¡Tambores rudos y graves cuernos! Y viento, siempre el viento, a veces gemido y otras rugiendo mientras subía por la Laguna de la Mosca hasta la atalaya de piedra y laja donde me encontraba.
Y siempre después del poderoso soplido la temida calma, y aquellos sonidos, cada vez más potentes y más terribles: se oían cánticos y palabras timbradas por lenguas de fuego y exhaladas por pulmones encharcados. Cada vez mayores eran las pausas y más tiempo pasaba desde que el viento las hacia callar. Yo me desesperaba entonces, como si fuera la ventolera, la respiración del ser más querido que veía desvanecerse y perder fuelle.
En aquel instante debí de perder la cordura.
Recuerdo que al poco de notar como el viento comenzaba a amainar una pena abrumadora se apoderó de mi, y de aquel sufrimiento que debió traer esa marea infernal supongo que provendrán las historias propias de un enajenado que relate a los montañeros que me rescataron al día siguiente.
Según me han contado, puesto que no recuerdo ya nada, me encontraron brincando por las cercanías de la Laguna de la Mosca mientras simulaba ser una cabra, de las pocas frases coherentes de las que pudieron extraer algún sentido contaron los montañeros que no paraba de repetir y loar el nombre de Mahmmud, a Mahmmud el Macho Cabrío y rey de los vientos de la Sierra.

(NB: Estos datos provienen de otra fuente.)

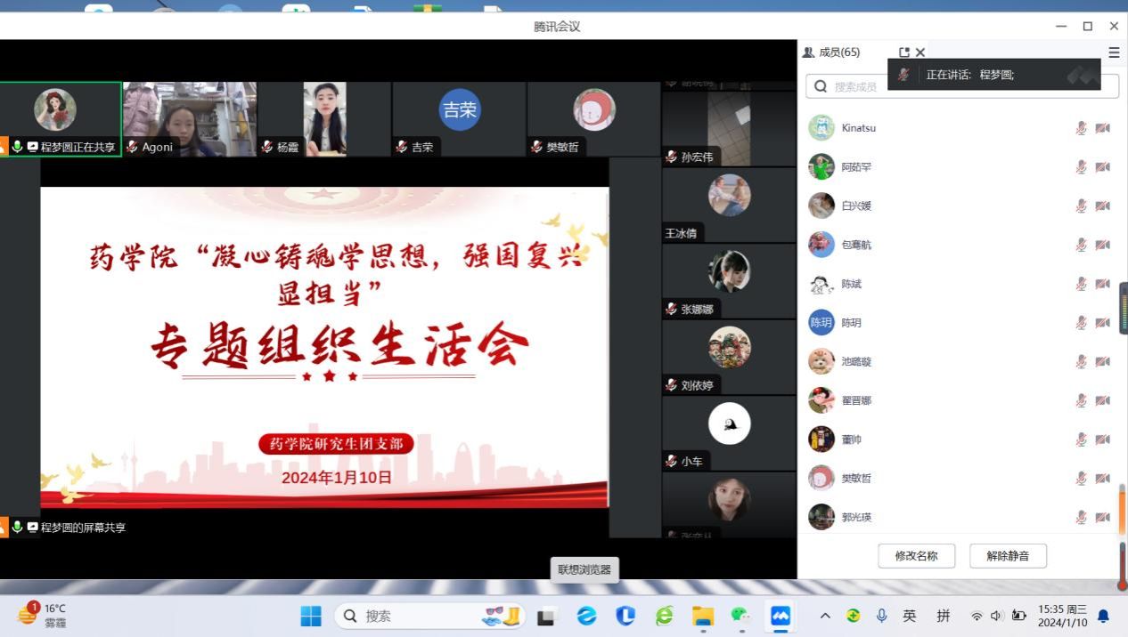 为学习贯彻习近平新时代中国特色社会主义思想主题教育的总体部署,按照校团委统一安排,进一步提高团员思想政治觉悟,坚定理想信念必威西汉姆联研究生团支部于2024年1月10日成功召开“凝心铸魂学思想,强国复兴显担当”专题组织生活会暨“重温入团誓词,践行青春誓言活动”。本次会议线上线下同步开展。必威西汉姆联团委书记/专职辅导员韩晶老师出席本次会议,研究生团支部委员以及各班团小组组长与团员代表到场参加,其余团员均在线上参会。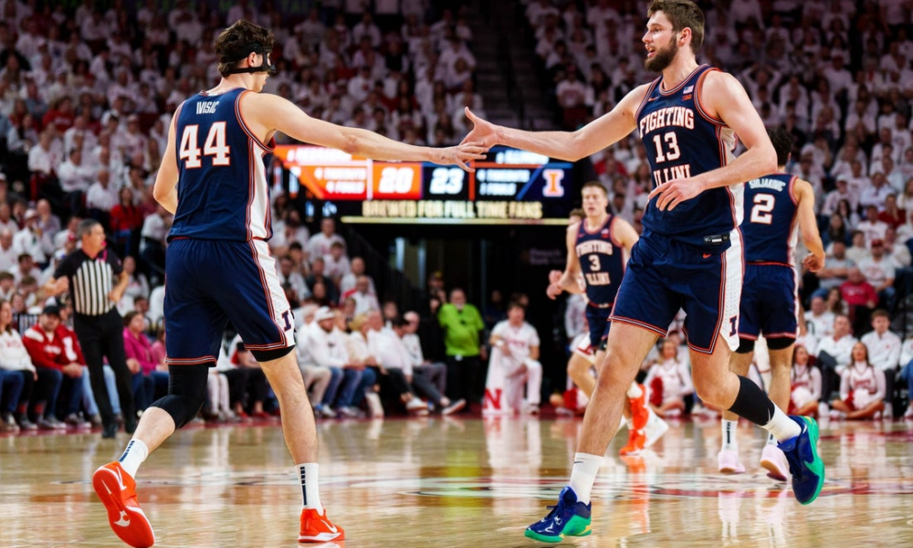 Feb 1, 2026; Lincoln, Nebraska, USA; Illinois Fighting Illini center Tomislav Ivisic (13) and center Zvonimir Ivisic (44) celebrate after a shot in the first half...

Por lo que he podido saber después, algunas leyendas de los pastores serranos hablan de ciertos días en los que se puede escuchar como el viento trae a las laderas donde están los rebaños sonidos de músicas antiguas, y que entonces es normal ver como las cabras enloquecen y algunas se escapan brincando a lo más profundo de la Sierra para no volver jamás.
Todavía hoy, cuando sopla el viento, puedo sentir algo de esa pena tan salvaje que se apoderó de mi aquel día, y mi mirada siempre me lleva a la montaña donde el Gran Mahmmud reúne a las cabras para bailar y cantar los bailes prohibidos de tiempos remotos.